APT Clinic Clash Gets Personal

Markeshia Ricks Photo

Boyd: Fed up.

Dawson: APT “saved my life.”

On the same day that a man was found guilty of killing another outside a methadone clinic in the Hill, residents meeting in the elementary school next door took sides on the value of having that clinic as a neighbor.

The debate got personal, on both sides.

It took place Tuesday night at a joint Hill North and Hill South Community Management Team meeting at John C. Daniels School a block up Congress Avenue from the APT Foundation’s methadone clinic.

On one side, longtime Hill resident and activist Ann Boyd told the crowd that she is fed up with the addiction and crime that she said the clinic attracts to the area. On the other side, Wanda Dawson encouraged her neighbors to think about the good that the clinic has done for people, including her.

Boyd said she was concerned about a methadone clinic being so close to an elementary school. She said children should not be exposed to the clinic’s clients, who hang around the streets near Congress Avenue sometimes engaging in crime and drug use. A man was stabbed 16 times outside the clinic last year. (Read more about the conviction of his killer here.)

Boyd indicated that her understanding of the history of the APT Foundation clinic was that it was originally supposed to be located at the more isolated former Welch School (now the construction site of a new mixed-use development), and it was stopped. But somehow, without any consultation with the neighborhood, the clinic landed in its current location, she said.

After the holiday season, Boyd said, she plans to trade her boots for a pair of tennis shoes so she can hit the streets to start a campaign to get the clinic to pull up stakes.

The APT Foundation has to come out of there,” she said. We don’t want it in the Hill.”

Christopher Peak Photo

APT’s Congress Avenue location.

Dawson told those gathered that she works for the APT Foundation. She said she has 14 years of sobriety because of the help she got there. She said it makes her sick to her stomach when people blame the clinic for the troubles on Congress Avenue.

I’m here today because of the APT Foundation,” she said. We don’t try to damage lives; we try to save lives.”

She urged neighbors, instead of pointing fingers, to work together for a solution and to help those who are less fortunate.

This here addiction does not discriminate,” she said. The APT Foundation has been good to me. It saved my life.”

Another neighbor said it’s not about knocking what the foundation does for people, but about what is allowed to take place outside APT’s door around children.. She works at a similar facility on East Street. She said they don’t have similar problems because clients don’t hang out at the facility after treatment.

They get their medications, and then they move along,” she said; they are encouraged to do so by not only the on-site security but the police. Also, that program is not a block from a school.

Sylvester Salcedo, who serves as the John C. Daniels Parent-Teacher Association president, told the assembled neighbors that he’s willing to help facilitate community conversations about the opioid crisis. He said he thinks that conversation should include not only neighbors and foundation representatives but clinic clients too.

He would bring together all of those people along with experts from Yale University’s School of Public Health and School of Medicine and even the chiefs of the fire and police departments.

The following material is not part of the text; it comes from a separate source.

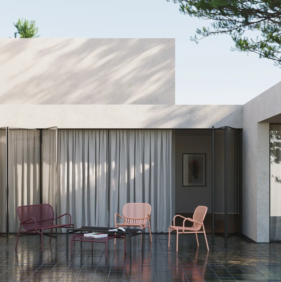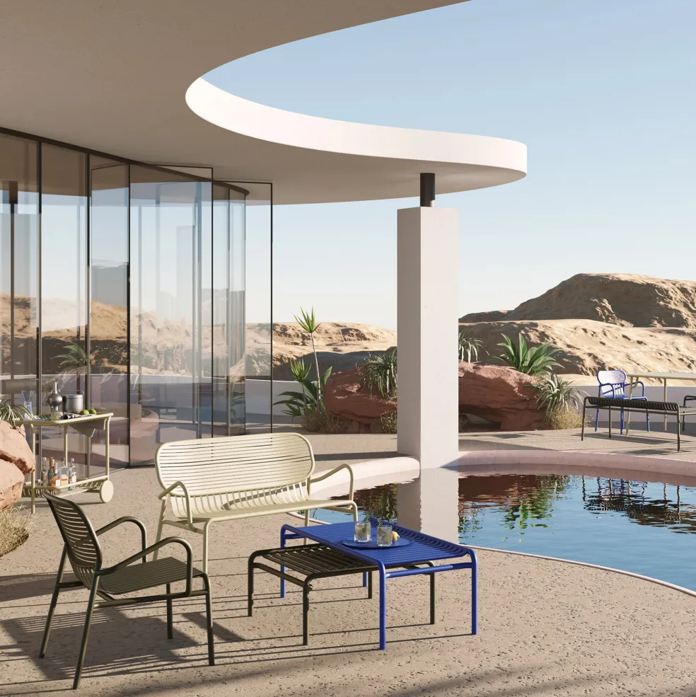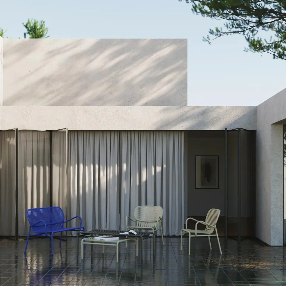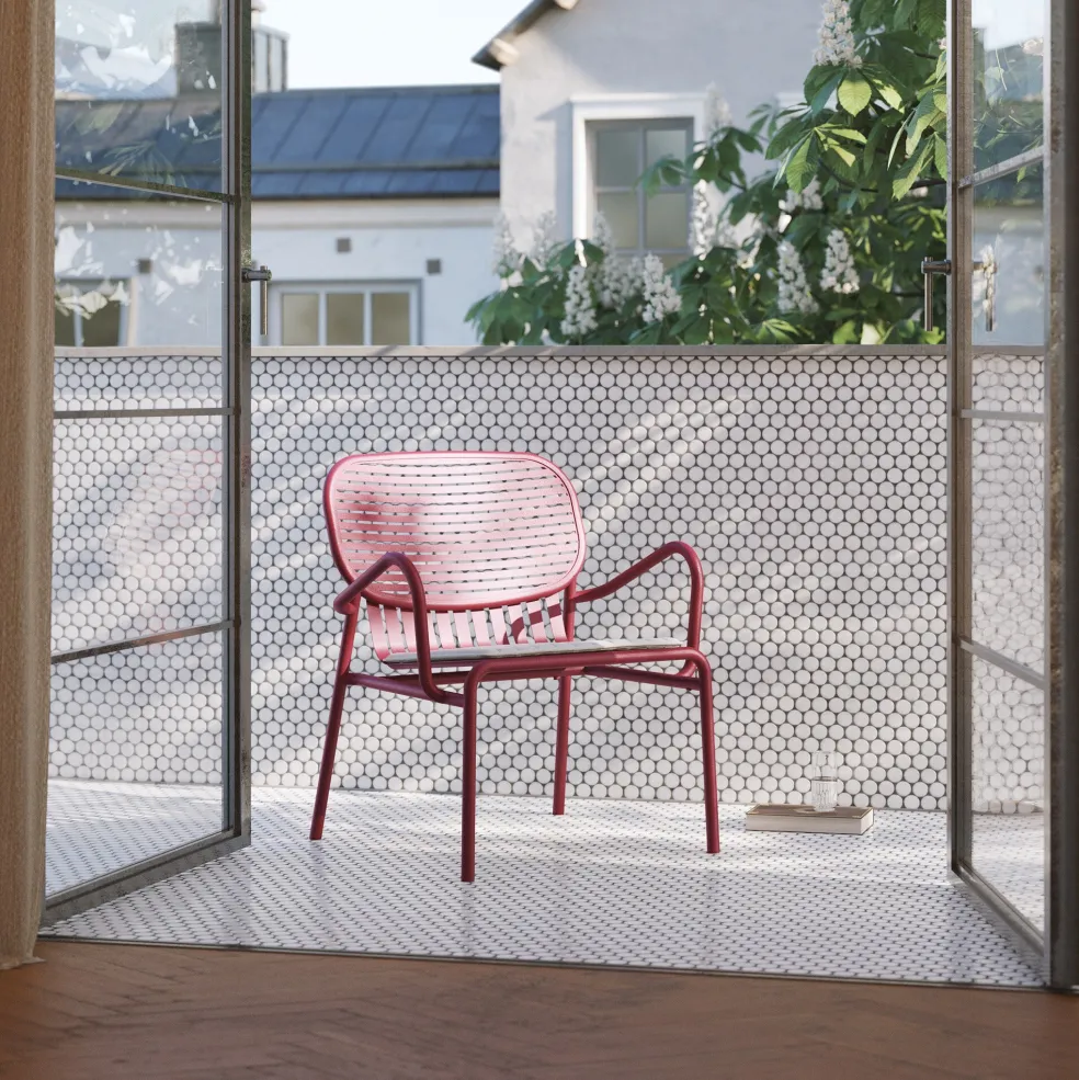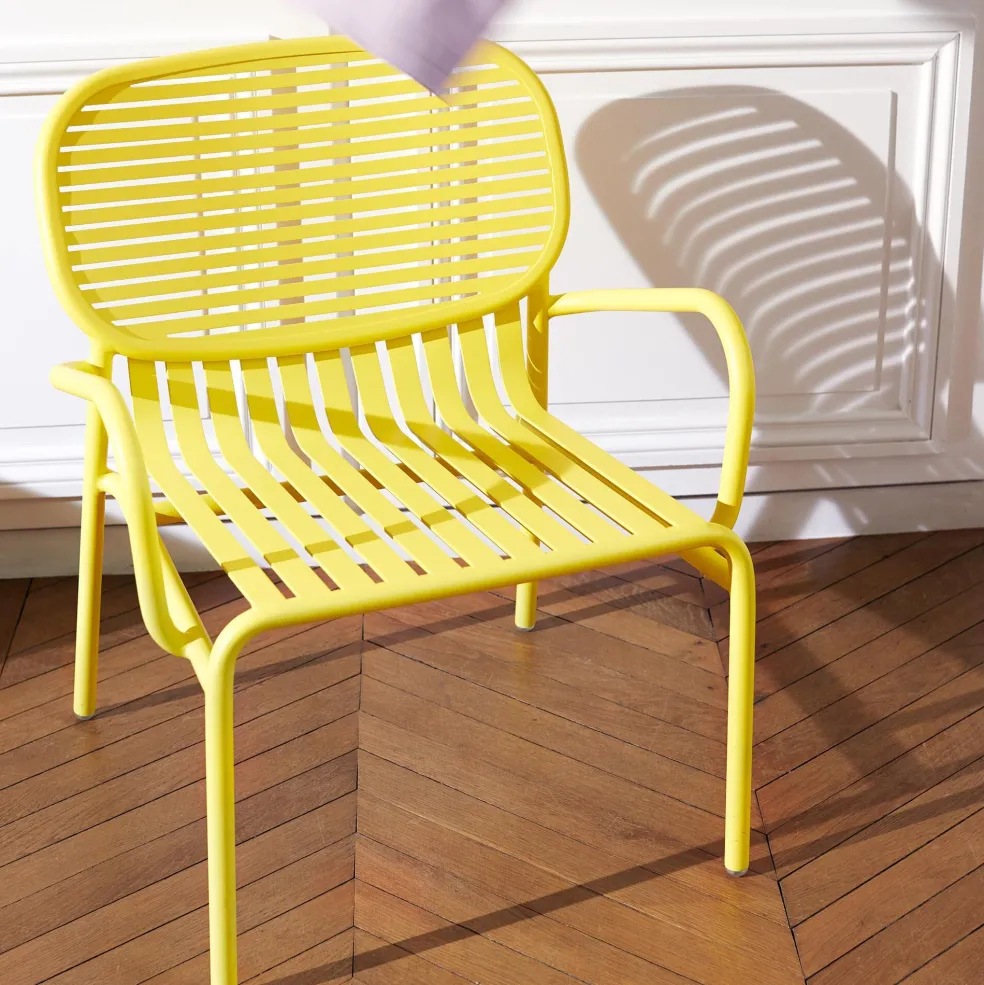 Der entspannte und lässige Week-End Gartenarmlehnstuhl wurde von Studio BrichetZiegler für den Hersteller Petite Friture entworfen. Mit seinem sommerlichen Flair erinnert er an sorglose Nachmittage im Urlaub und bringt Ihnen so auch dieses unbeschwerte Feeling nach Hause.

I would really like to hear from the affected population,” said Salcedo, who is a lawyer who lives in Orange and an organizer for the Connecticut Heroin Users Union. He said he would also like to hear from the city on how much of its resources are used treating opioid addiction through the criminal justice system as opposed to treating it like a public health crisis.

Markeshia Ricks Photo

Harp updates neighbors..

Mayor Toni Harp, who stopped by Tuesday’s meeting to talk about the city budget, said that her administration has been meeting regularly with the APT Foundation to address the concerns of the neighborhood. She said the clinic is licensed by the state to be where it is, so it will not likely move. But she said there are plans for the foundation to build a bigger waiting room where people can hang out after they’ve received treatment, she reported.

We’re hoping that would take pressure off the street,” she said.

The foundation has also started back regularly hiring off-duty police officers for security. Hill District Manager Lt. Jason Minardi said that has been going well.

Harp also said officials have identified potential state funding that could further help alleviate some of the neighbors’ concerns. That money could fund street psychiatrists and recovery coaches to help people who have dual diagnoses of substance abuse and mental illness and are often preyed upon outside the clinic. She said having recovery centers like the ones Hartford and Bridgeport have would be even better.

We’ve been working at it,” she said. We’re waiting for a change in [state] administration to get those resources that we have identified.”